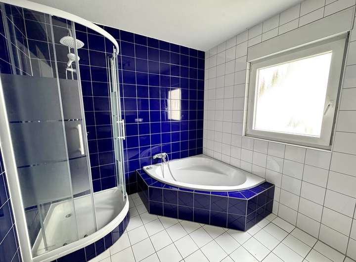 OG: Bad mit Wanne, Dusche, WC, Waschbecken deckenhoch gefliest – mit Fenster
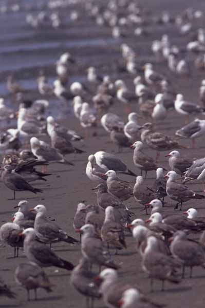 This flock of Heermann's and Western Gulls was photographed on the southern Oregon coast in July 2002. |
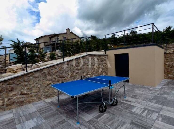 U sredini dvorišta nalazi se bazen sa sunčalištem, sa kojeg se kao i iz cijele Ville pruža prekrasan pogled na more.
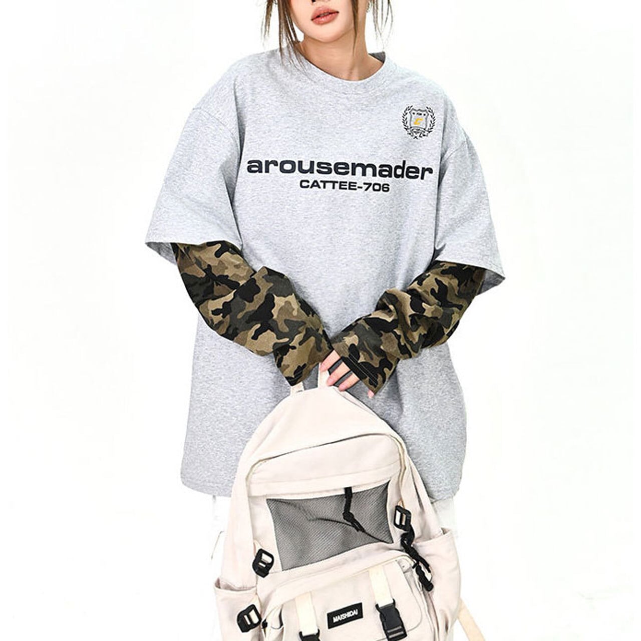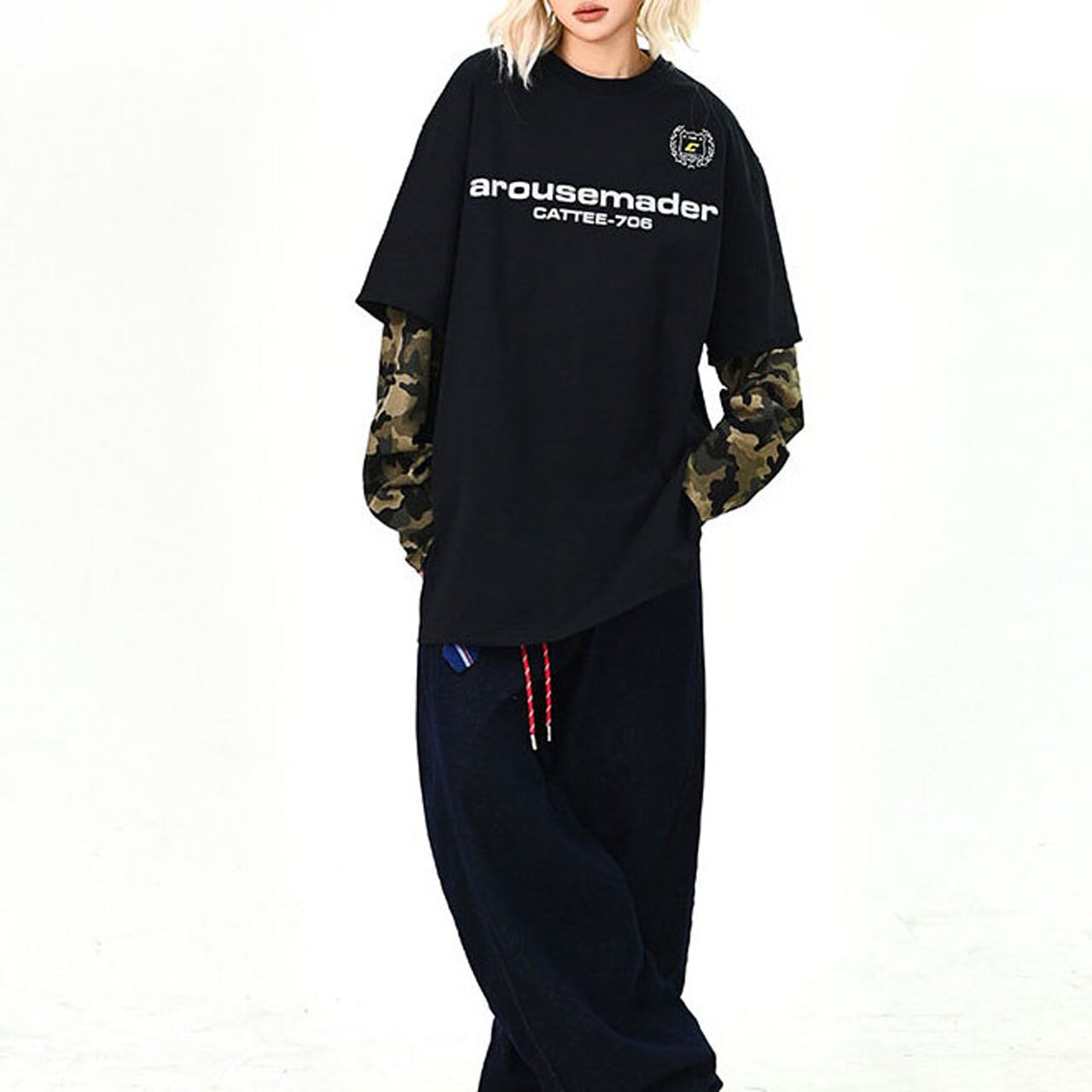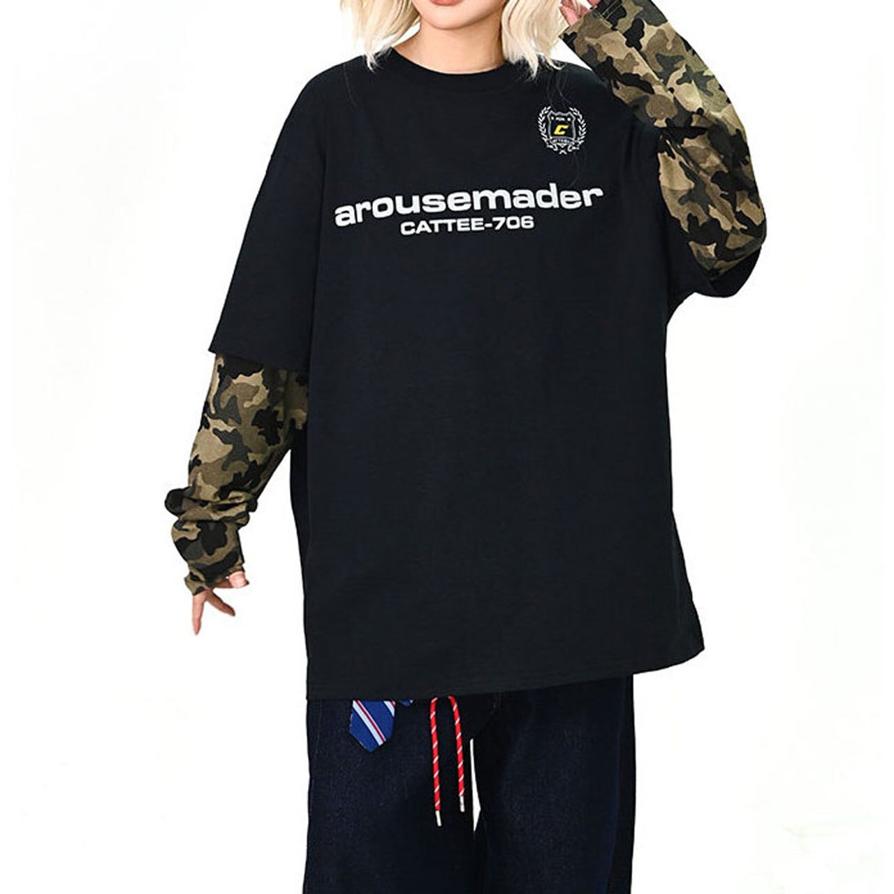 カーゴやワイドパンツと合わせて、ストリート感のあるスタイリングに。
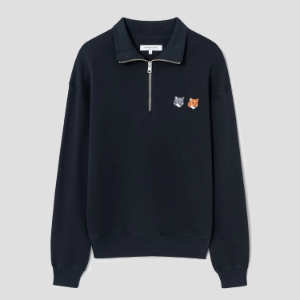 • Maison Kitsune Men Double Bold Fox Head Half Zip Comfort Sweatshirt - Anthracite
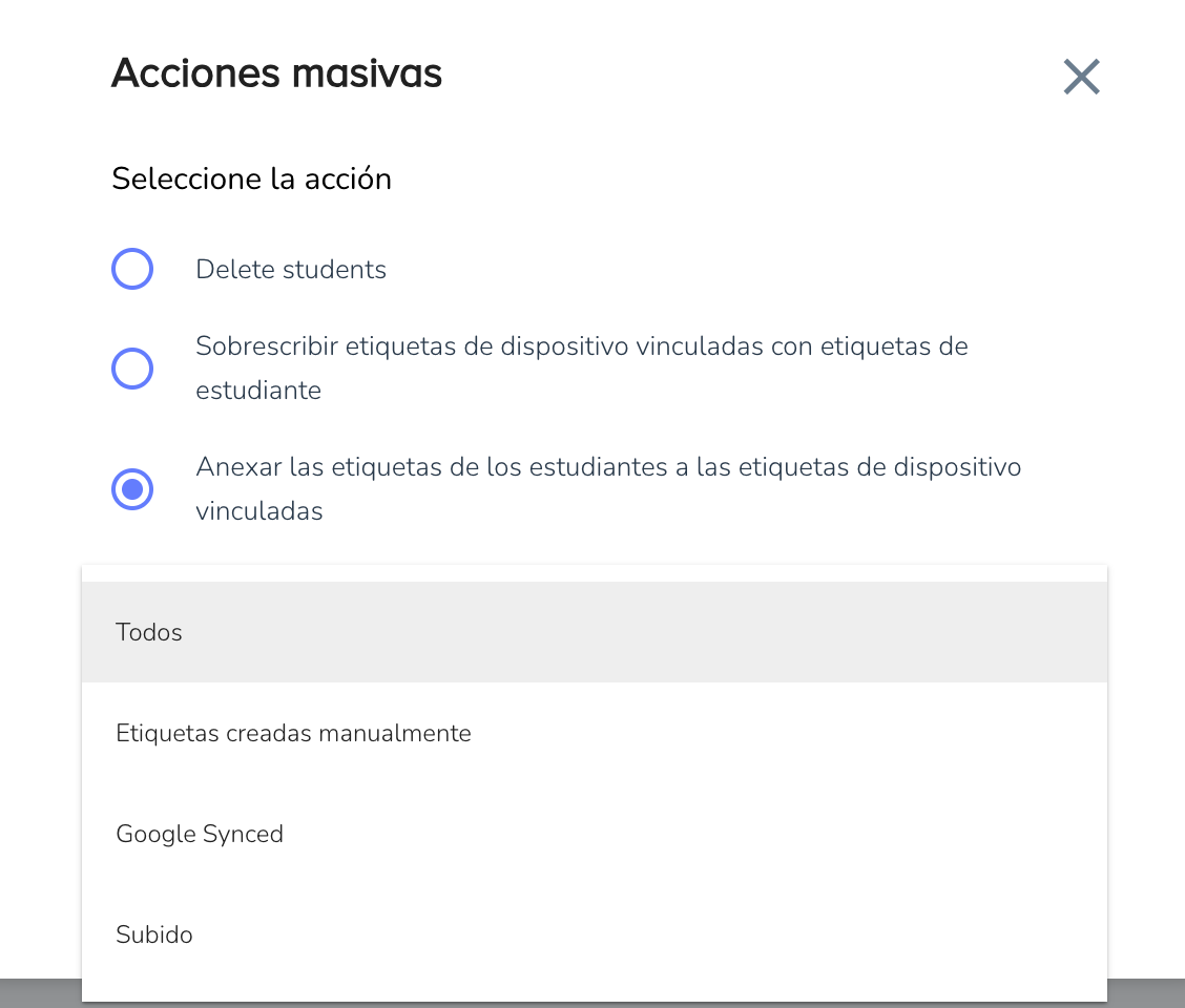 - Propósito: Añade las etiquetas de los estudiantes a las etiquetas de los dispositivos vinculados (todas las etiquetas, etiquetas creadas manualmente, etiquetas sincronizadas de Google o etiquetas cargadas).
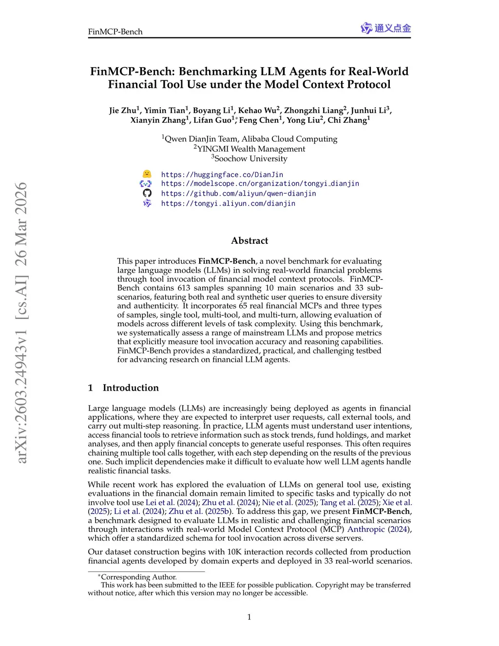 FinMCP-Bench: Benchmarking LLM Agents for Real-World Financial Tool Use under the Model Context Protocol
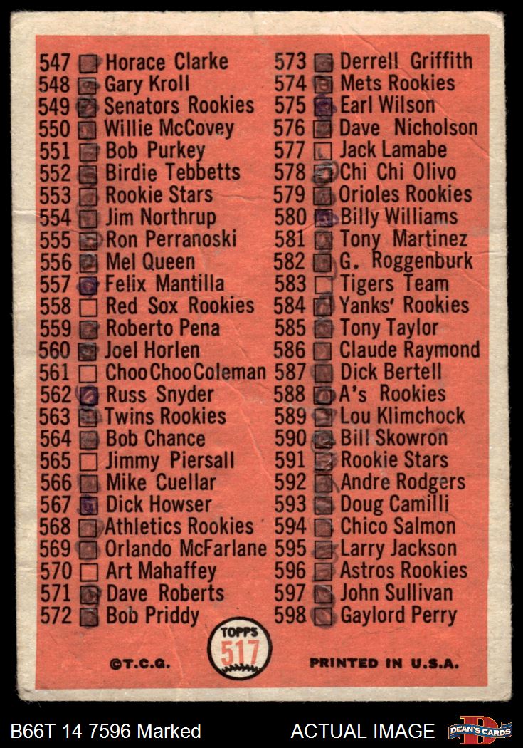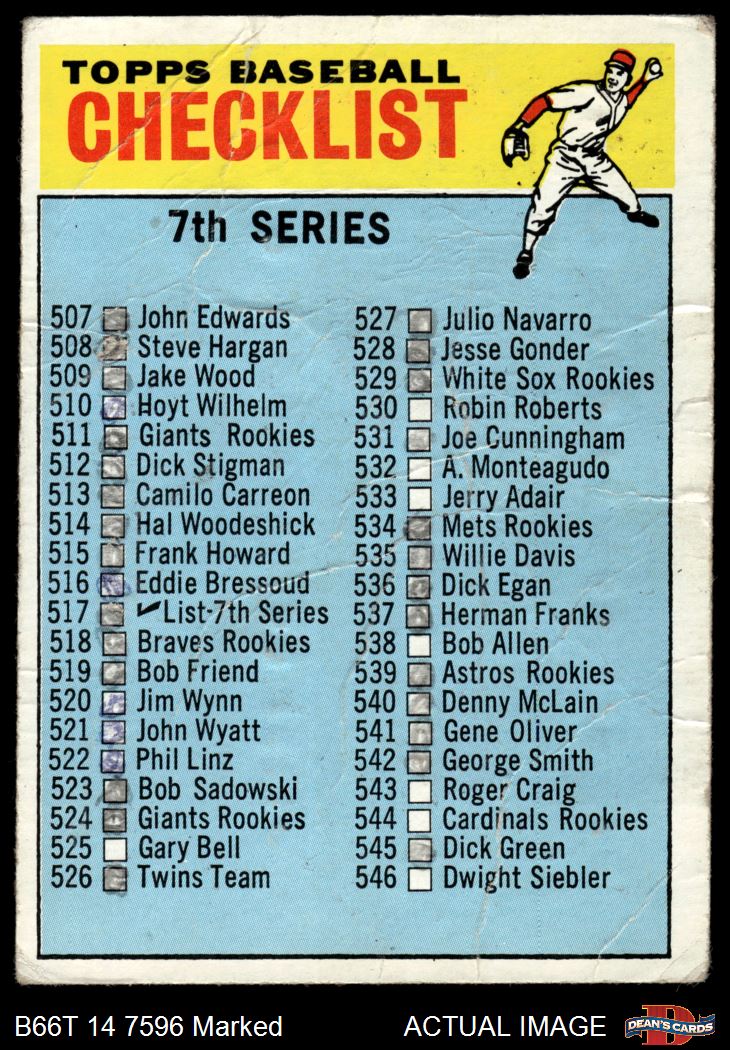 1966 Topps #517 WHT Checklist 7 AUTHENTIC
********
Your task>
Set out nothing but the lines from the line with "FinMCP-Bench: Benchmarking LLM" through the end of the material, reproduced exactly, both ends included, pictures omitted.

Finished task>
 FinMCP-Bench: Benchmarking LLM Agents for Real-World Financial Tool Use under the Model Context Protocol
 1966 Topps #517 WHT Checklist 7 AUTHENTIC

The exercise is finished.